Some of the staging smacked of conceit to me—the punishing slow strobe light in one scene, the over-the-top sequences where the mob was portrayed as insane clowns, and the occasional, unnecessary, nod and a wink to the audience. Apart from the strobe sequence however, the lighting and sound were very powerful.
There was a feeling of trying to pack too much into this production. Shakespeare said it best—and sometimes, as here, theatrical trickery can serve to distract from, rather than reinforce, his words.
Two and a half ears out of five.
Theatre Shakespeare
07 Mar 05
A lot of people around my age grew up with The Goodies. For those of you who missed out, they’re a trio of comedians—Grahame Garden, Tim Brooke-Taylor and Bill Oddie—who were part of the Cambridge University Footlights theatre of the sixties that also nourished the careers of John Cleese, Graham Chapman and Peter Cook. I’m not that long in the tooth, but every afternoon as I was growing up in the late seventies/early eighties, just before Dr Who, The Goodies was essential TV viewing. The opening strains of “The Goodies, goody-goody yum-yum” meant a brilliant half hour of surreal, slapstick fun.

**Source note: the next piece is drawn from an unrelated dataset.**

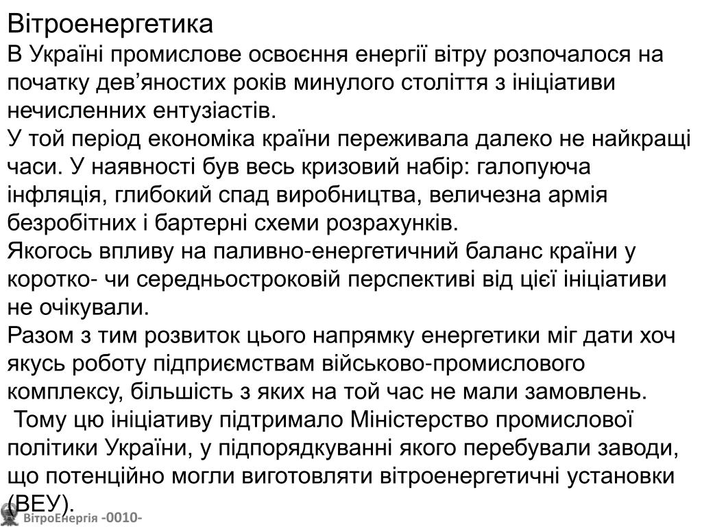 Вітроенергетика В Україні промислове освоєння енергії вітру розпочалося на початку дев’яностих років минулого століття з ініціативи нечисленних ентузіастів. У той період економіка країни переживала далеко не найкращі часи. У наявності був весь кризовий набір: галопуюча інфляція, глибокий спад виробництва, величезна армія безробітних і бартерні схеми розрахунків. Якогось впливу на паливно-енергетичний баланс країни у коротко- чи середньостроковій перспективі від цієї ініціативи не очікували. Разом з тим розвиток цього напрямку енергетики міг дати хоч якусь роботу підприємствам військово-промислового комплексу, більшість з яких на той час не мали замовлень. Тому цю ініціативу підтримало Міністерство промислової політики України, у підпорядкуванні якого перебували заводи, що потенційно могли виготовляти вітроенергетичні установки (ВЕУ). ВітроЕнергія -0010-

It’s because The Goodies was replayed so many times on afternoon TV that they are so hugely popular in Australia—apparently far more so than in England, where the show was played at a late timeslot. And Saturday night at the State Theatre you could certainly ‘feel the love’, as The Goodies took the stage to share some memories from those years, play a few clips from the show, and give us some insights into the making of the series. I and my friends hardly stopped laughing the entire evening, but then all Grahame Garden had to do was stand in front of a cardboard box on a table and mention the words ‘vampire bat’ for us to start laughing our heads off. Garden, in particular, still has that incredible comic timing that makes the simplest joke hilarious.
The evening was lightly structured around the three taking turns reading out questions they’d received from their fans about the show, which was as good a framework as any for a chaotic, fun grab-bag of memories and sketches, including a reading from the old pre-Goodies I’m Sorry I’ll Read That Again radio-play days. I would have left out the ‘encore’ lip-synching performance of Funky Gibbon, which I never thought was very funny or Goodies-like, but then it was their ‘hit song’ after all.
Four giant kittens out of five.
PS. I went to buy the just-released second DVD compilation the other day and was disgusted to see that HMV were charging $50, double the price of the first DVD. This smacks of greedy opportunism—I for one won’t be buying until it comes down to the right price.